PTFE should not be a problem for any or the boiler fittings and only needs to go on the threads, they are blanking plugs and you can actually use High temperature food grade sealant on them (although I have never found one I liked) but I prefer taking the time for PTFE and I don't wrap it around any grooves, just the thread.

I'll step back from this one for now as I can't visualise accurately what you have done, how you have done it and what you have done it to. I worry that any advice I give you without the right information may just make things worse.

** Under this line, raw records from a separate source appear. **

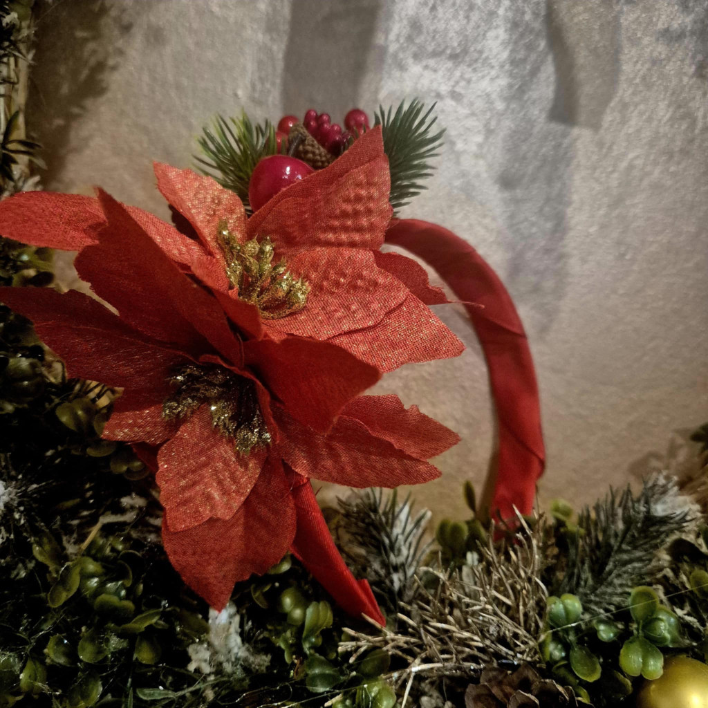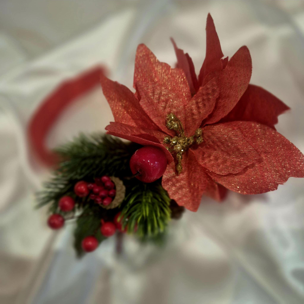 Különleges, egyedi hajpánt mikulásvirágokkal, fenyőággal. Egyedi tervezésű, az ELIROSE kollekció része.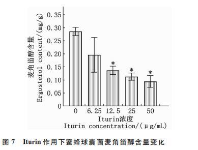 由图7可知,随着Iturin浓度的升高,麦角甾甾醇含量逐渐降低。与对照组相比,当Iturin浓度为12.5、25和50μg/mL时,麦角甾甾醇含量分别下降了52.18%、60.69%和67.12%,差异显著(P<0.05)。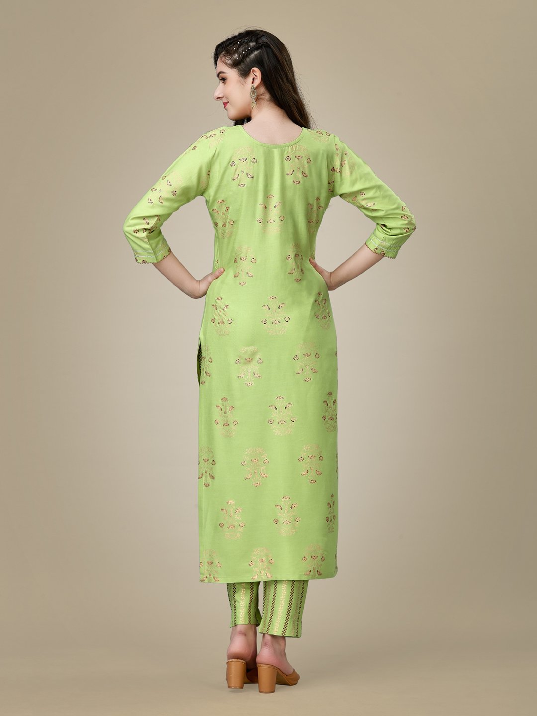 Premium Rayon Embroidered Kurti with Pant Set – Parrot Green (Liva Approved)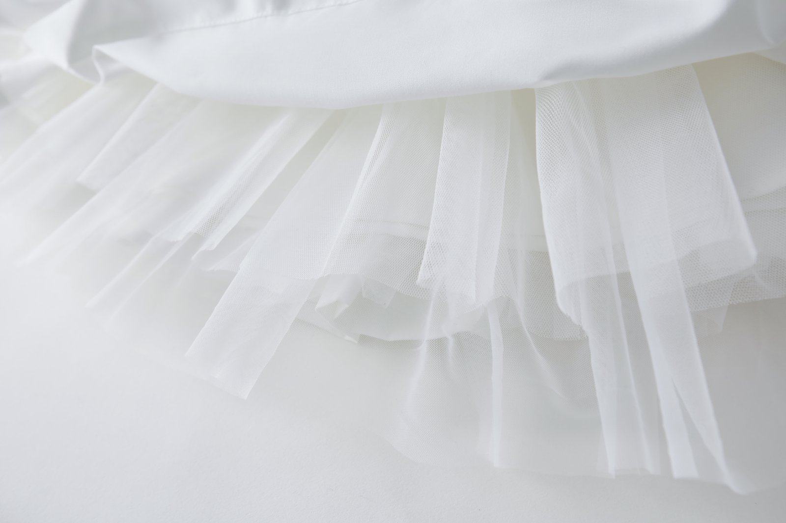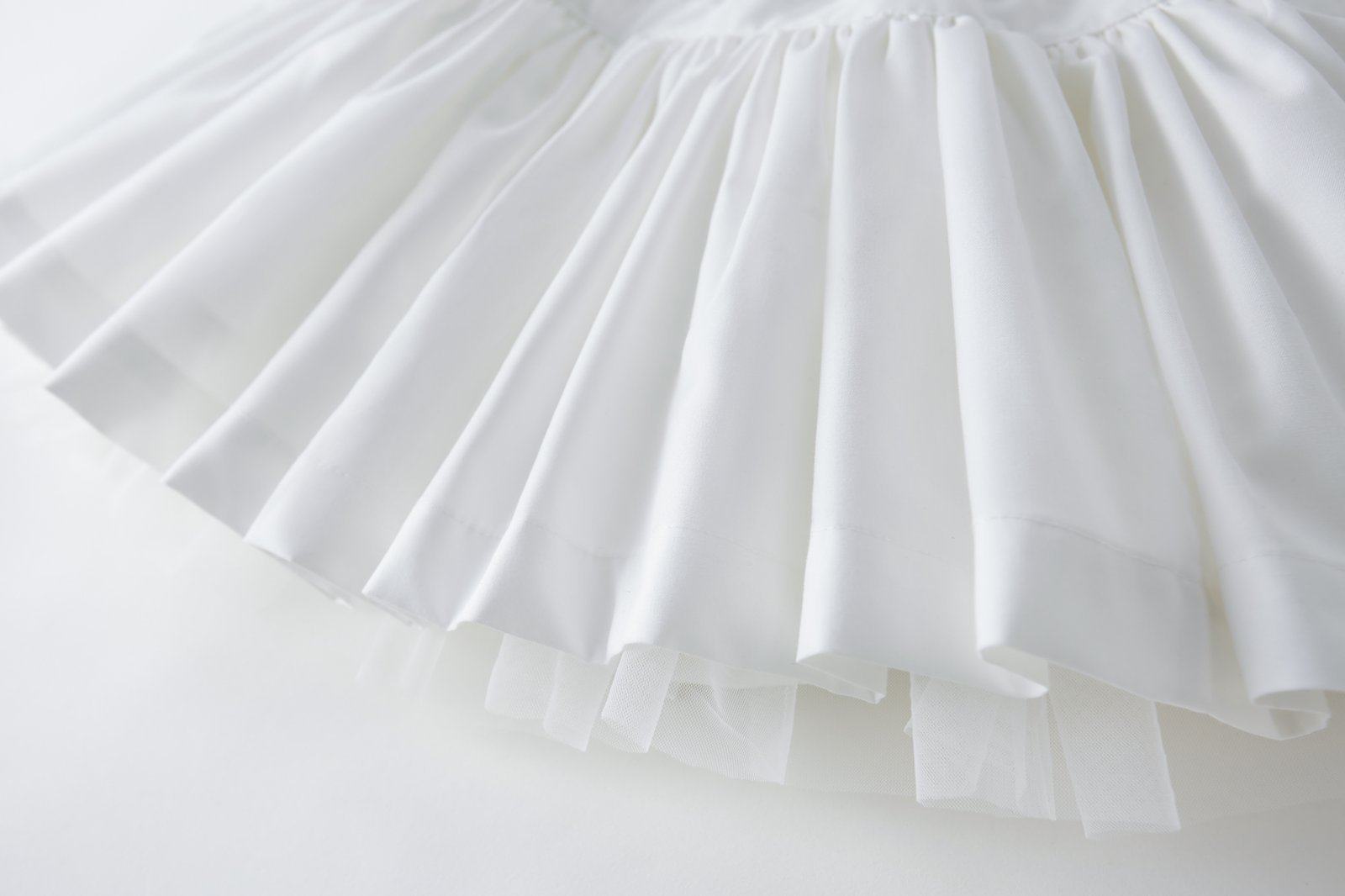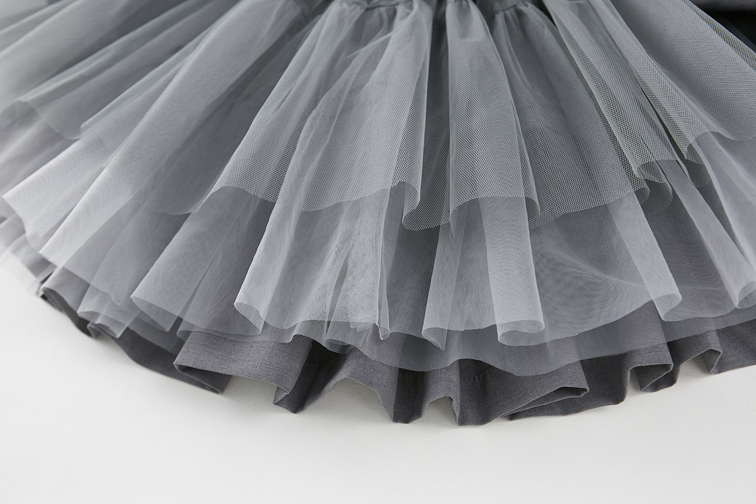 为调节裙摆自然蓬松形态,内里拼接软网与硬网,更好支撑A字裙摆,不易走形。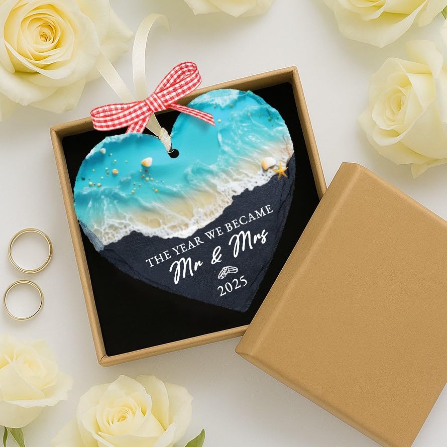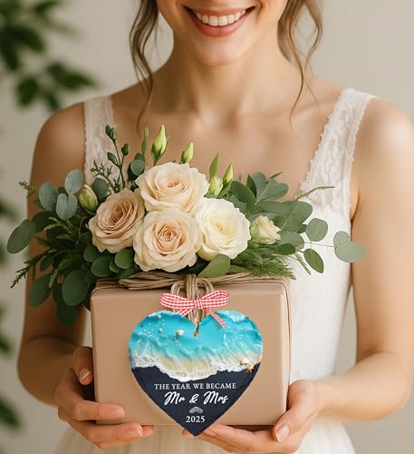 First Christmas Married Ornament 2025, Wedding Gifts for Couples, The Year We Became Mr and Mrs, Newlywed Just Married 1st Xmas Gift for Bridal Shower, Stone Ornament HOT25

P.S. Just in case....PTFE tape wrapped the wrong way on the thread rucks up and won't seal.


----------



## mctrials23 (May 8, 2017)

DavecUK said:


> I'm now getting confused. I keep asking for photos with arrows, what nut broke (how, was it a service boiler blanking bolt) what washer what collar? How did you wrap the thread, how many turns of PTFE, have you taken the boiler out, because that's how I understand it should be done to work on it, *not remove the entire bottom plate?*
> 
> PTFE should not be a problem for any or the boiler fittings and only needs to go on the threads, they are blanking plugs and you can actually use High temperature food grade sealant on them (although I have never found one I liked) but I prefer taking the time for PTFE and I don't wrap it around any grooves, just the thread.
> 
> ...


 Sorry, its all got a little convoluted. So initially I took off the pressure sealing bolt on the top of the steam boiler to drain it. See picture 1 with the broken washer next to it. That seems fine with some PTFE tape on the thread even if I wouldn't expect a washer to perish with less than a years use. That was just an annoyance and not the cause of any problems.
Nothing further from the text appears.